Double reality but no commotion

  • 2014-05-01
  • By TBT staff

HOMECOMING: Latvian-American Celmins has had her works featured throughout the U.S. and Europe, but this is her first solo exhibition in Latvia.

RIGA - As part of the Riga European Capital of Culture program, almost 50 works by the world’s most famous Latvian painter, Vija Celmins, will be on show during the 2014 spring/summer season in the Art Museum Riga Bourse.
Works for the exhibition “Double Reality” have come from the collections of the Museum of Modern Art in New York, the National Art Gallery in Washington, U.S. embassy in Latvia, McKee gallery, Frankfurt am Main Art Museum, the Foundation Cartier Center for Contemporary Arts in Paris, the Latvian National Museum of Art and from Vija Celmins’ own collection.
Celmins (1938) was born in Riga, but in 1944 she and her family became refugees due to Soviet Russia’s illegal invasion and occupation of Latvia.

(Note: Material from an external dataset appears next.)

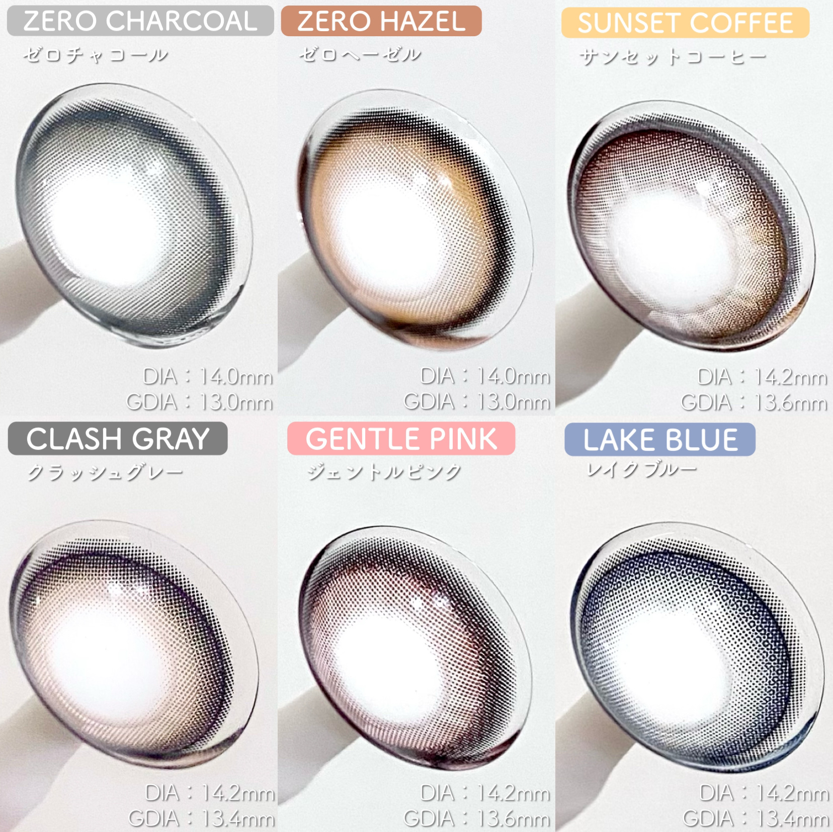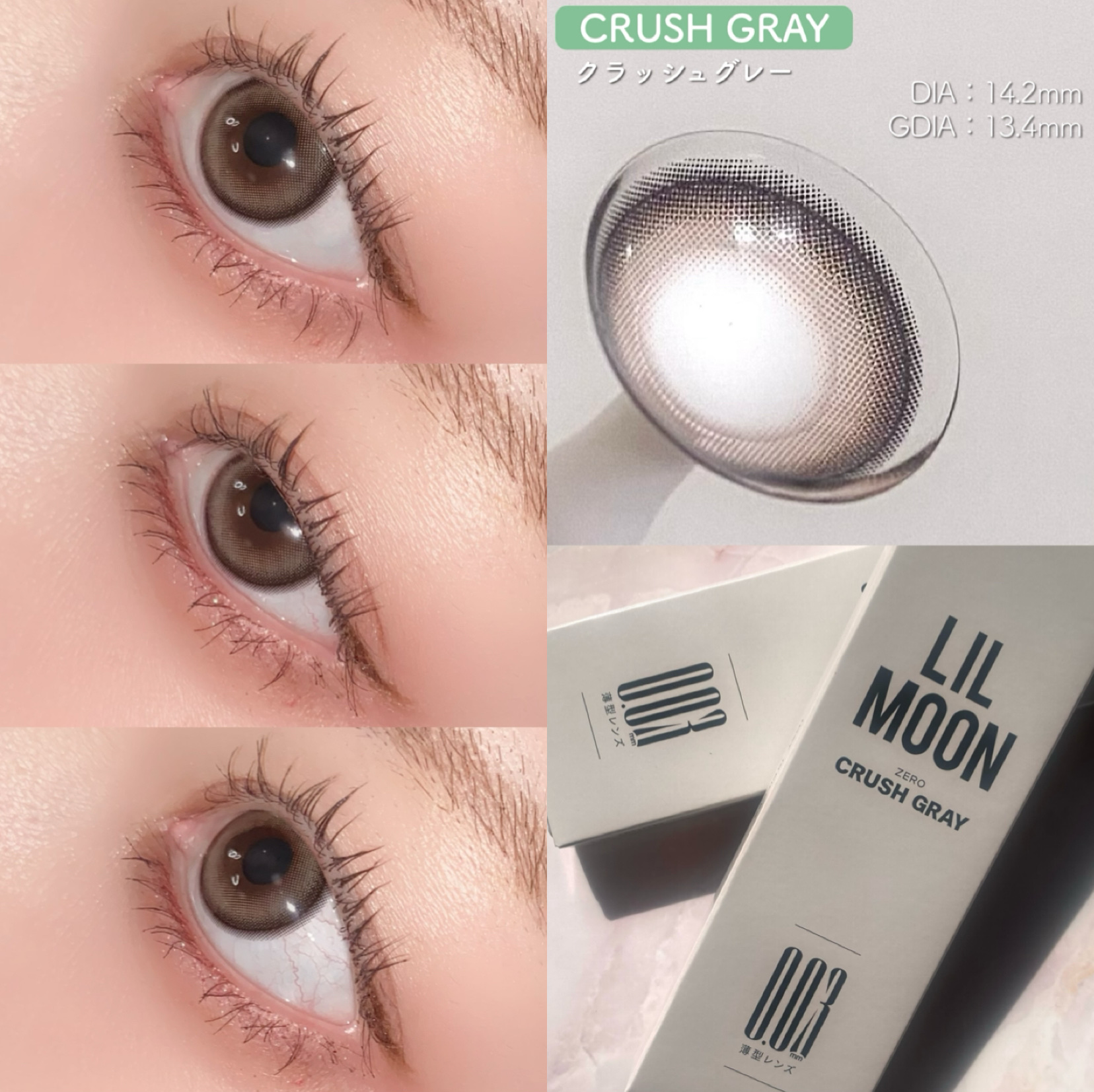 - "ZERO”感つけ心地、きらめきUP! (1)全度数0.03mm極薄*1*2 LILMOON(リルムーン)「0.03シリーズ」は、全度数レンズの中心厚が0.03㎜で、レンズが薄く厚みが少ない分、まるで裸眼のような快適な付け心地で異物感を感じにくいです。 (2) 全度数酸素透過率DK/t:45 『LIL MOON(リルムーン)』0.03シリーズは全度数レンズの酸素透過率DK/t:45、従来の含水率38%通常厚レンズと比べ2倍以上*2の酸素透過率を実現し、酸素不足による充血を軽減。高い保水力を持つMPCポリマーを保存液に配合し、乾燥や目のゴロゴロ感を軽減。 (3)気分で選べるクリアレンズとカラーレンズ 多彩な瞳も、自然な瞳も,カラコンとクリアレンズ、どちらも揃う。カラコンお試しサイズ2枚入りを用意、気軽にお試しできちゃう。幅広いラインナップで、瞳に自信と輝きをプラス、毎日のスタイルを自由に楽しめる! <クラッシュグレー> センス◎!やりすぎないアクセントで、馴染みのいいアッシュグレーアイ <サンセットコーヒー> ちゅるんと透明感UP演出! 落ち着いた水光ブラウンアイ <ジェントルピンク> クリっと瞳を際立たせるふんわり太フチと、 優しいほんのりピンクアイ <ゼロインク> ダークウッドをイメージしたブラックレンズ、透明感あふれるクリっとした瞳 <ゼロヘーゼル> 大人っぽいブラウンに差し込む ヘーゼルカラー、オシャレなブラウンアイ <ゼロチャコール> 落ち着いたダークグレーにブルー でアクセント、クールな大人アイ <レイクブルー> ほどよいフチ感で立体感見え重視、深みのあるダークブルーアイ *1:使用感には個人差があります *2:当社製品比較 カラーコンタクトレンズの不適正使用による眼障害の危険性等などがあります。 ●コンタクトレンズは高度管理医療機器です。不十分な洗浄・消毒など不適切なケアや、長時間・交換期間を超えた装用により、アレルギー性結膜炎、角膜感染症、角膜潰瘍等の重篤な眼障害が発生する危険性があります ●ご使用前に取扱説明書を確認してください 使用上の留意事項 ●眼科医院等を受診してからお求めください ●眼に異常を感じたら直ちにレンズ使用を中止し、お近くの眼科等で診察を受けてください ●医師の指示にしたがってご使用ください ●コンタクトレンズを装用する場合、自覚症状がなくても、眼科医院等での定期検査を受けてください ●レンズに不具合がある場合は使用しないでください

She emigrated to the USA in 1948, settling in Indiana in 1949. From 1963 – 1981 she lived and worked in Los Angeles. In 1981 she moved to New York.
We can say the exhibition will give viewers the opportunity to see the artist’s art over a 50-year period, as the oldest work, Gun with Hand, was painted in 1964. It tells of the artist’s political activism in the 1960s when young artists were ready to protest against any kind of violence.

Interviewed about her new exhibit, Celmina mentions that much in art cannot be described in words. She has no intention of causing a big commotion with her works; they are her reflection of reality. It is not an imprint, but a reproduction, or rather, a “re-creation.” Reality through a prism, from various vantage points, not just one, Celmina states.
Curator of the exhibition Elita Ansone said that the exhibit encompasses 50 years in her career.
Here we have paintings, sculptures, chalk drawings, wood-cuts, etchings, and more.

Celmins is also famous for her sculpture of the two meter-long wooden comb. This pop art period can also be seen in several of the artist’s works on show. In the 1960s Celmina depicted everyday items that were to be found in her ascetic studio in Venice, California. Visitors will be able to see surreally hypertrophied sculptures of erasers and pencils. There is also a table lamp painted with two bulbs like eyes.

In the 1970s the ocean, desert and stars became the main themes in the artist’s portfolio. Later, at the end of the 1990s, the artist also revealed the fragile and perfect structure of the spider’s web. Celmins continues to depict these natural structures. She has painted them, drawn them in graphite and charcoal, produced mezzotints, aquatints and lithographs. This is all in the attempt to see how far she can go in technical perfection.

Celmins dedicated five years of her creative work (1977-1982) to “stone works.” She cast stones gathered in the desert in bronze. Two works from this series – one real and one painted bronze – will be on show in the exhibition. Conceptual intellectualism in Celmina’s art is alsomanifest in her polyptychs in which two or three different images are included in one work, requiring the viewer to compare the scale of the space, the closeness or distance.

Not unlike thousands of other Latvian-Americans, artist Celmins fled the horrors of WWII in Latvia as a young child, eventually settling in the United States after years spent in refugeecamps in Germany. Although always a gifted art student, she discovered true inspiration at opposite ends of the USA, in both New York and California. Her paintings, drawings, graphic art, sculpture, photos and other works are now displayed at the world’s best modern and contemporary art museums. Many prestigious institutions have loaned some of their best pieces to the museum. A documentary film about the artist created by the renowned Juris Podnieks Studio will also be available to visitors.